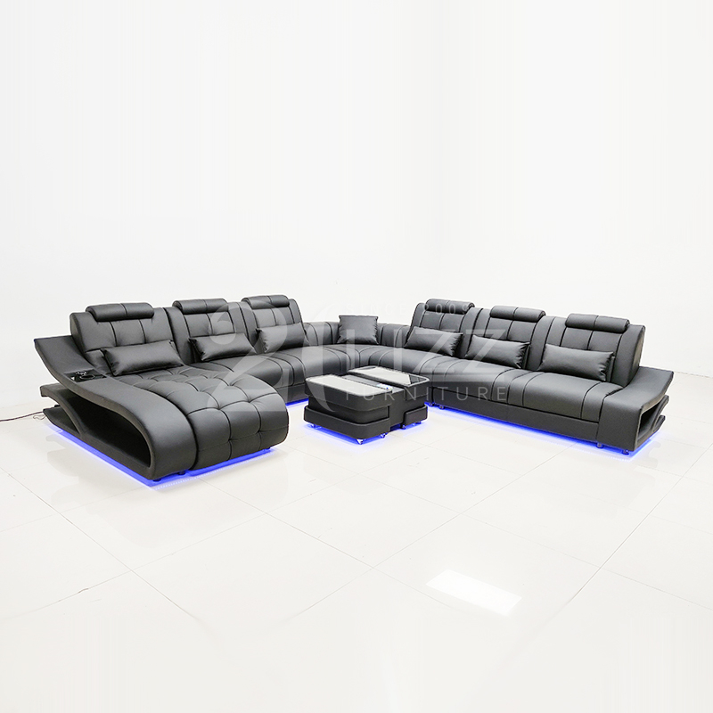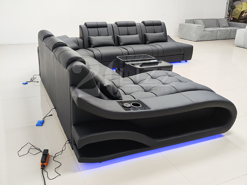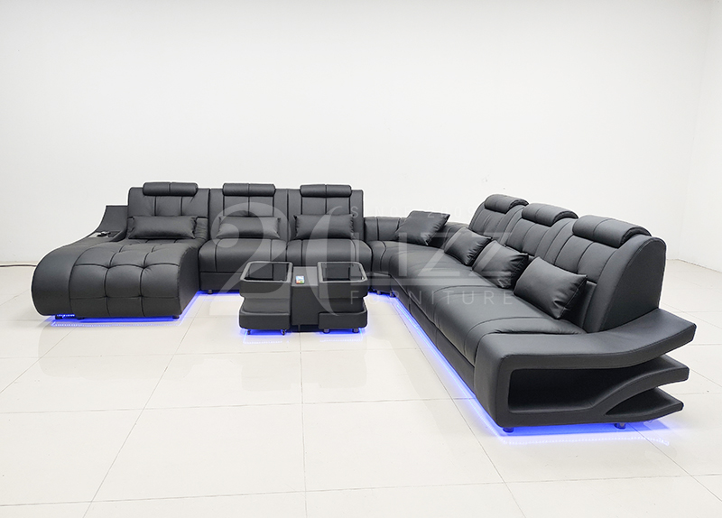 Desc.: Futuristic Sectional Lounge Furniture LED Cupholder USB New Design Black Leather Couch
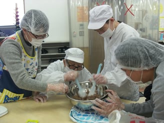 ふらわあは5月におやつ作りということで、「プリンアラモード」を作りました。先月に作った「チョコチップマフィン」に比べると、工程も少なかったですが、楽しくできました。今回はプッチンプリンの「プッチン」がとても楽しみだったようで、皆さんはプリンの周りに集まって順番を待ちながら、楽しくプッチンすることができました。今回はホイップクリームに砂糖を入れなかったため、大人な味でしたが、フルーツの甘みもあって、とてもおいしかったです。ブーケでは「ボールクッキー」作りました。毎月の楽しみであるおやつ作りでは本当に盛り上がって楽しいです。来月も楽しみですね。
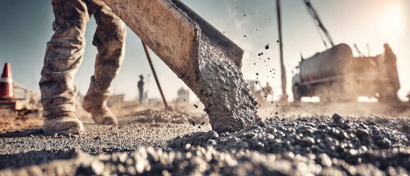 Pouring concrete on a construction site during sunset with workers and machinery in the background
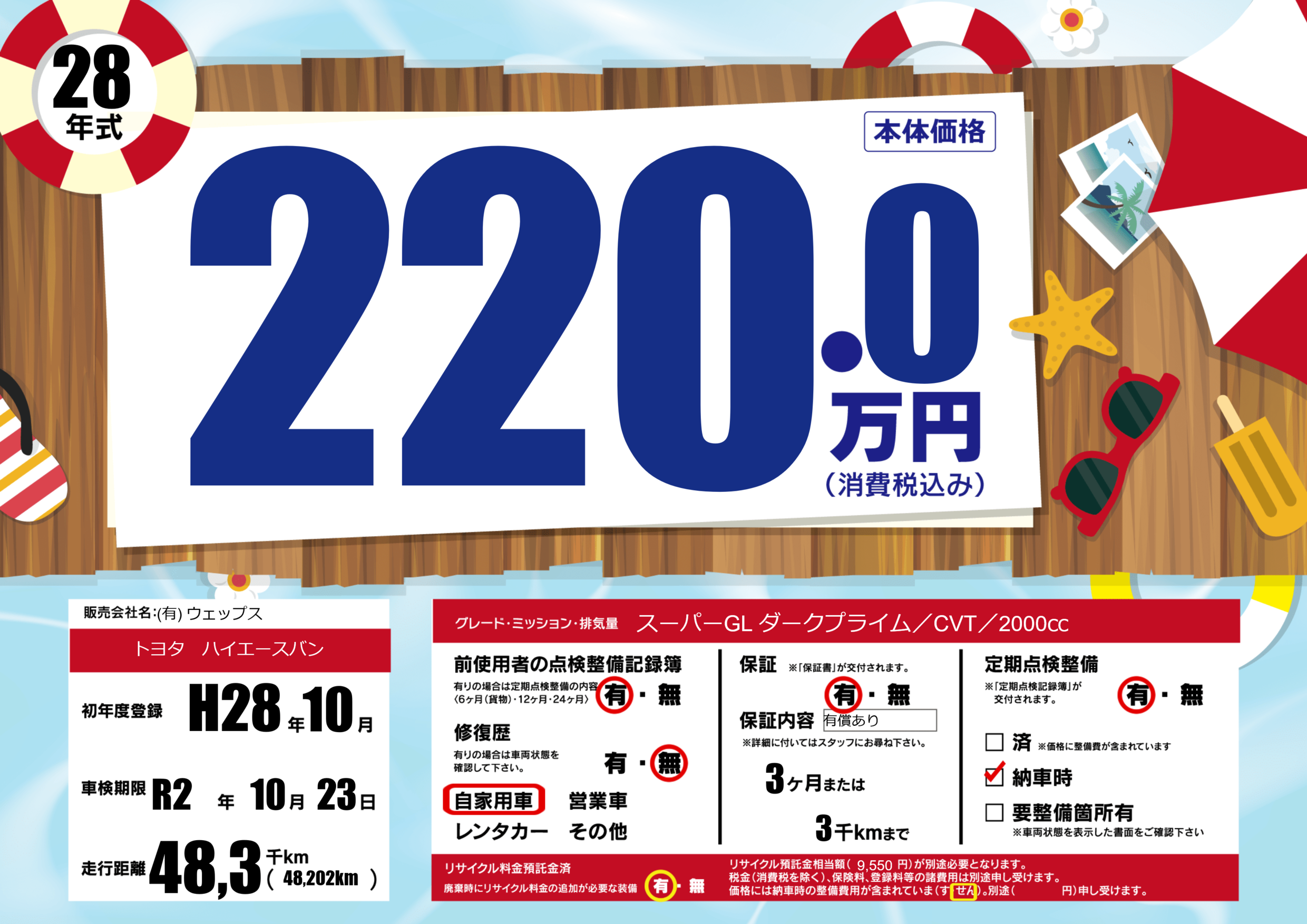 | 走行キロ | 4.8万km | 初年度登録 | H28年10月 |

--

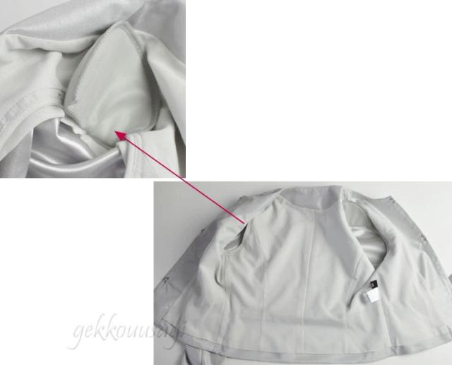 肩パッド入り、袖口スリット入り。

#### [What the exercise asks]
The copy should hold only the lines from the one with "ふらわあは5月におやつ作りと" through the one with "初年度登録 | H28年10月 |", exactly as they stand above. Leave out the pictures.

#### [Answer to this exercise]
 ふらわあは5月におやつ作りということで、「プリンアラモード」を作りました。先月に作った「チョコチップマフィン」に比べると、工程も少なかったですが、楽しくできました。今回はプッチンプリンの「プッチン」がとても楽しみだったようで、皆さんはプリンの周りに集まって順番を待ちながら、楽しくプッチンすることができました。今回はホイップクリームに砂糖を入れなかったため、大人な味でしたが、フルーツの甘みもあって、とてもおいしかったです。ブーケでは「ボールクッキー」作りました。毎月の楽しみであるおやつ作りでは本当に盛り上がって楽しいです。来月も楽しみですね。
 Pouring concrete on a construction site during sunset with workers and machinery in the background
 | 走行キロ | 4.8万km | 初年度登録 | H28年10月 |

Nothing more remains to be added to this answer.